The tensio-active agent industrialization product of external used for tertiary oil recovery mainly contains two big types: the one, and sulfonated petro-leum is main tensio-active agent; The 2nd, sulfonated alkylbenzene is main tensio-active agent; These two types of tensio-active agent raw materials are all taken from crude oil; Raw material sources are wide, quantity is big, thereby also are the maximum tensio-active agents of external TOR consumption.Because sulfonate surfactant is anionic, it and the divalent cation (Ca in the local water 2+, Mg 2+Deng) can precipitate, work as Ca 2+, Mg 2+Just lose oil displacement efficiency when surpassing 300 μ g/g.For this reason, also continuing the suitable high saliferous of development research, high Ca abroad 2+, Mg 2+The tensio-active agent that the ion stratum is used comprises the research of multi-functional tensio-active agent, Gemini surface active agent and sacrifice agent, and pays attention to the composite research of various tensio-active agents.
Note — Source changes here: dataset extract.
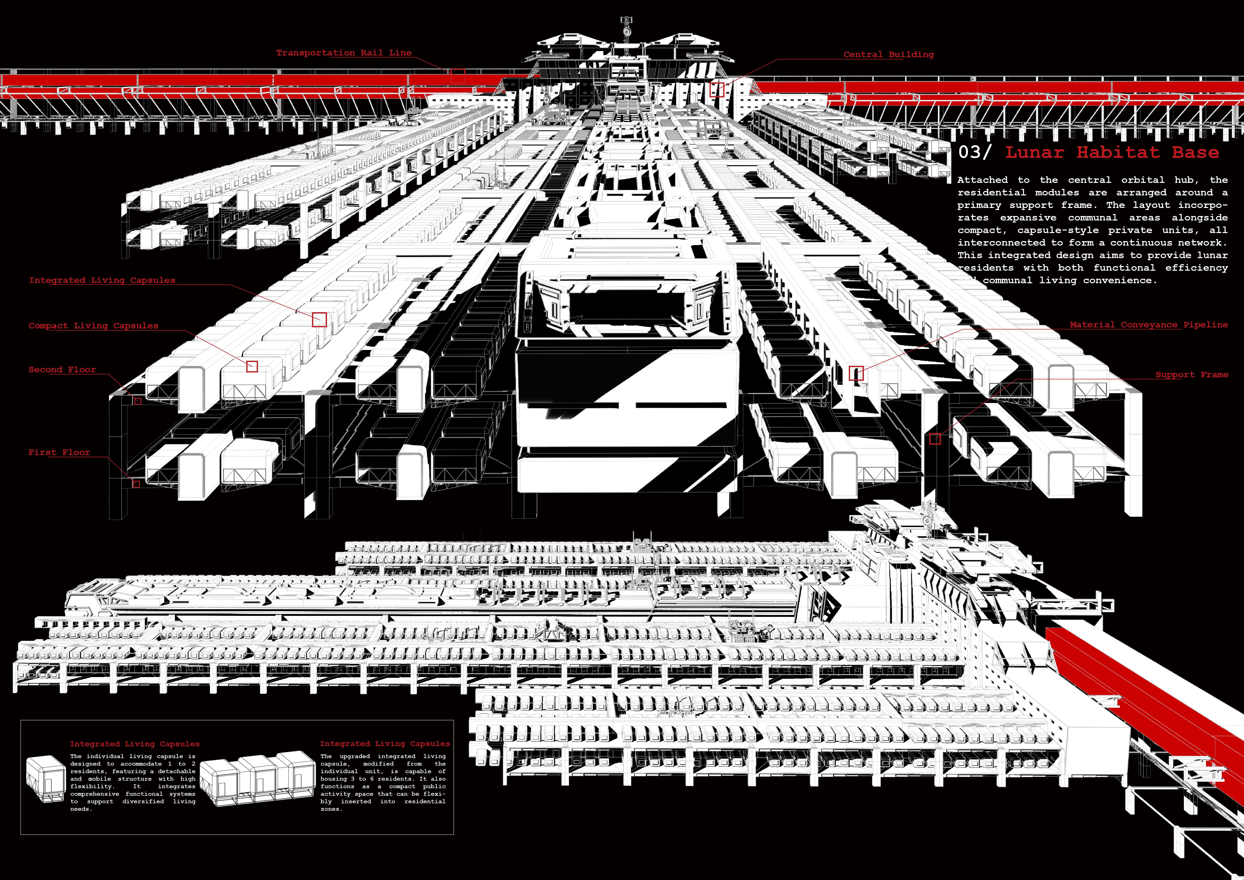 In this project, I was responsible for the design modeling of the residential zone and the creation of the cover “hero image.” From compact living units to largescale residential clusters, I crafted a grand lunar visionary architecture.
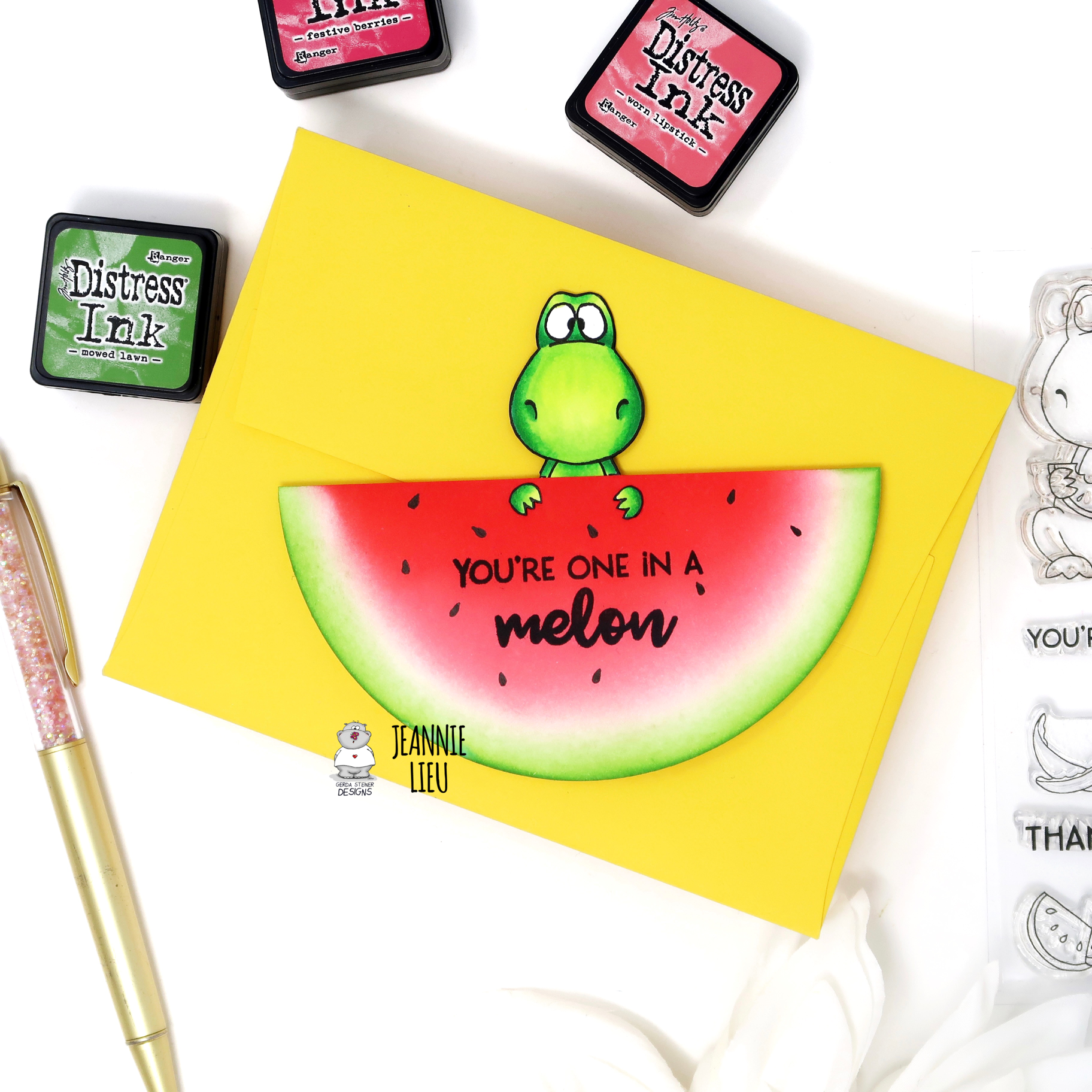 Hi everyone! It’s Jeannie (InsideoutJeans) on the blog today with Gerda Steiner Design’s stamp set named, Melon Friends. I have had this idea in my head every since I saw the set and finally got the chance to bring it to life. The dinosaur image in the set is such a cutie and I wanted to literally put him into a slice of watermelon. I also have a video to go along with this card -- check it out HERE.

Sulfonated petro-leum is real a large amount of tensio-active agent as oil-displacing agent, and this is because sulfonated petro-leum has the following advantages: 1. production technique is simple, and price is low; 2. derive from crude oil, it is strong to reduce the IT ability.But the sulfonated petro-leum salt tolerance is poor, and the absorption loss is bigger, and owing to reasons such as raw material is formed complicacy, and different batches product performance difference is big have limited its further broadened application.Therefore inapplicable for the high temperature and high salt oil deposit sulfonated petro-leum.
The anion-nonionic amphoterics is one of focus of TOR (EOR) area research in recent years always; Owing in its molecular structure two kinds of non-ionic groups of different nature and anionic group are designed in same surfactant molecule; Make it have the advantage of negatively charged ion and nonionogenic tenside concurrently; Therefore mutual supplement with each other's advantages, excellent property have shown good prospects for application, the binary combination flooding system that especially exists to alkali-free; Owing to do not have the existence of alkali not only to avoid the problems such as obstruction, fouling and corrosion of oil reservoir, and can form ultra low interfacial tension with crude oil.And Gemini surface active agent is to be connected base key with one and to be closed the special construction compound that forms by two hydrophilic radicals, two hydrophobic groupings, has more good performance than conventional surfactant.Gemini surface active agent have micelle-forming concentration low, reduce that the IT ability is strong, ability is than characteristics such as high salinity and particular rheological properties and visco-elasticity-viscosifying actions; Be that one type of raising RF that is rich in application prospect is used tensio-active agent, for new approach is opened up in the TOR in oil field.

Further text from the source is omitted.